No coach ever controlled an athlete's every move and breath so completely as a drama director.
The weeks go by as awkward adolescents transform into gentlemen and ladies, royalty and ruffians, peasants and prostitutes, priests and policemen, each becoming something completely other than who they were when they woke that morning.
The backstage dressing room plywood walls conceal the gradual metamorphosis from teenager to dowager or glamour queen. Guys and girls stand side by side at wall length mirrors comparing brands of foundation, rouge and mascara.
The stage crew members move about purposefully, dressed all in black, phantoms moving silently amid the sets and props, creating new scenes in shadow darkness. The tech crew geeks expertly work the sound and light boards, always experimenting, choreographing each nuanced shadow or light beam, playing with sound effects.
Dress rehearsals reveal the gaps and the gaffes, as practice not possible in real life is crucial to success on stage.
Prior to each show opening, the cast and crew hold hands to pray together, singing “Blest Be The Tie”~ bonded together in common purpose before the stage drama begins.
The curtain rises, the actors go through each step, each line, each practiced note, as the audience responds. They emerge post-scene backstage smiling and high-fiving, energized by each round of applause, the laughter and shouts of appreciation. Even the occasional muffed line or missed cue is handled with increasing confidence and the ability to bluff when necessary.
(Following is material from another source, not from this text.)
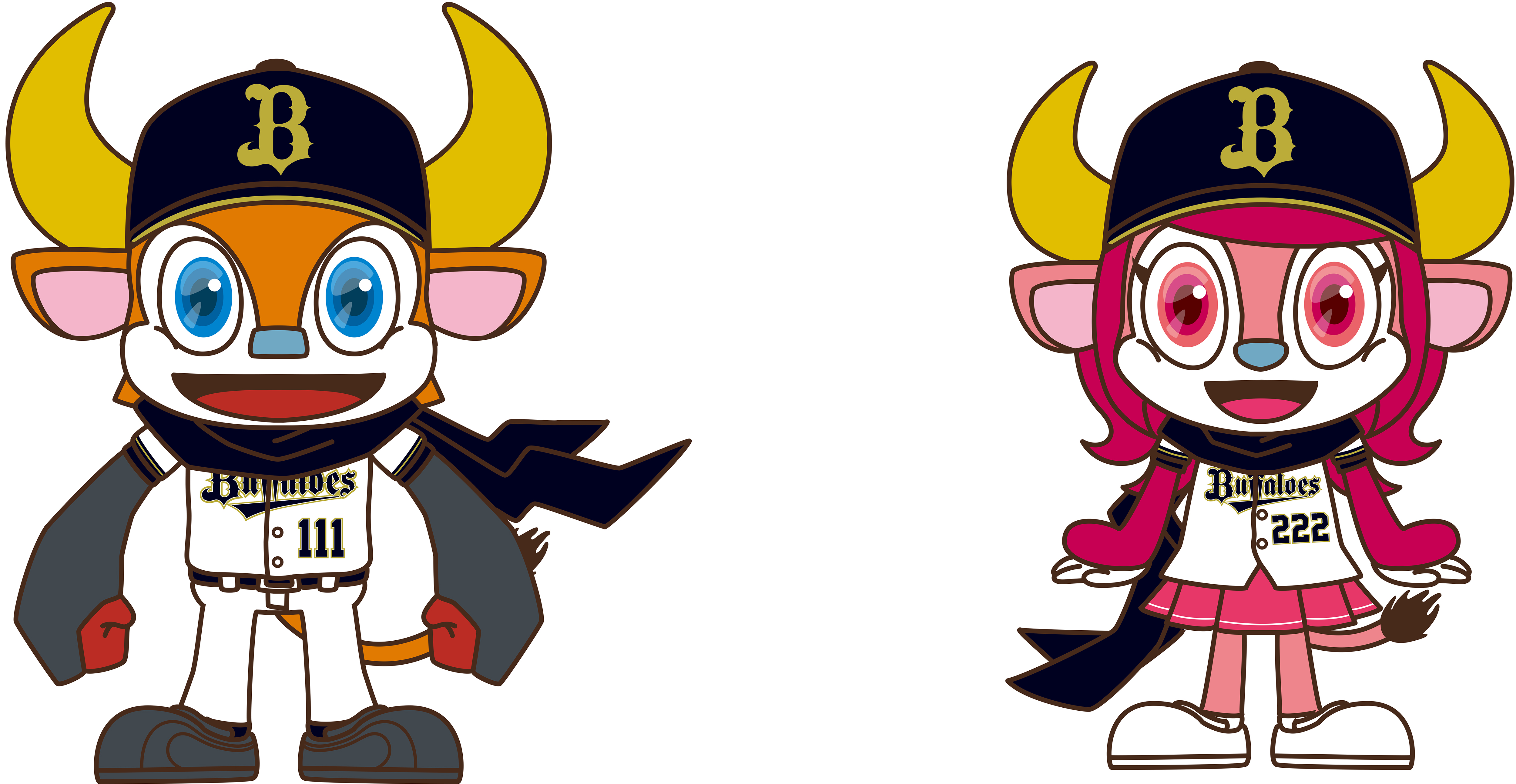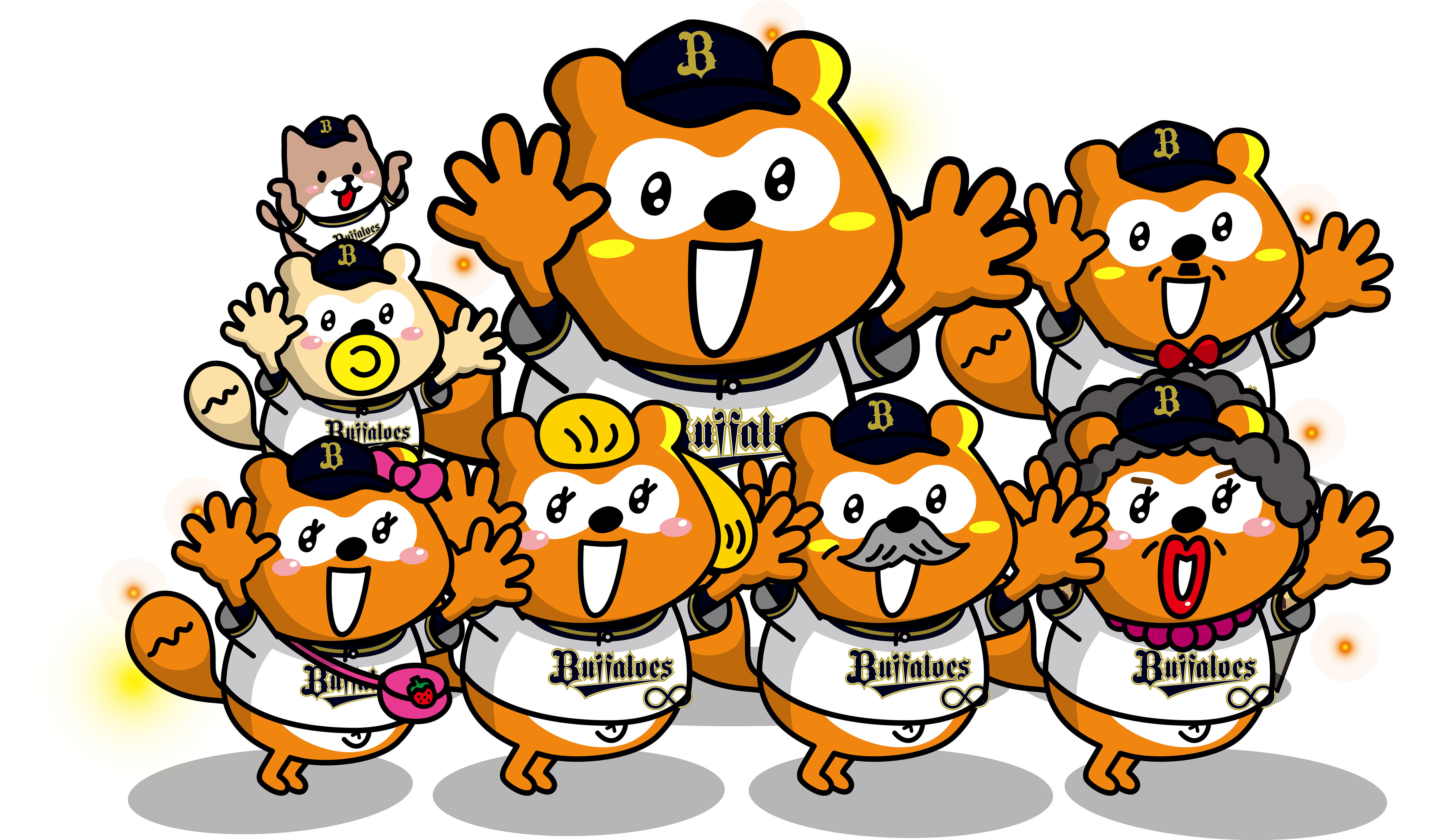 첫 번째 사진이 오릭스 버팔로즈의 메인 마스코트이자 여성 마스코트인 버팔로 불과 버팔로 벨의 기본형이고요. 두 번째 사진이 버팔로즈☆폰타로 불리는 오릭스 버팔로즈의 홈 유니폼을 착용하고 있는 폰타 패밀리들입니다. 두 번째 사진이 얼마 전에 확보했던 자료라 이번 게시물의 하이라이트가 되겠습니다.

The story unfolds, neatly contained within two hours, the curtain falls, the ovations begin, then out to a noisy lobby reception of bouquets and hugs, and then finally the make up and costumes come off.
The students emerge back into the real world, once again themselves, without glitz or glitter but perhaps a hint of residual eyeliner. Their homework and laundry are still waiting to be done. Real life resumes its forward motion somewhat less dramatically than before.
On stage under the lights, students discover the curious experience of temporarily becoming a character of scripted lines and finite existence. The lasting miracle is what the rapt audience witnesses: watching a child grow up, dramatically, overnight—all for the price of one ticket.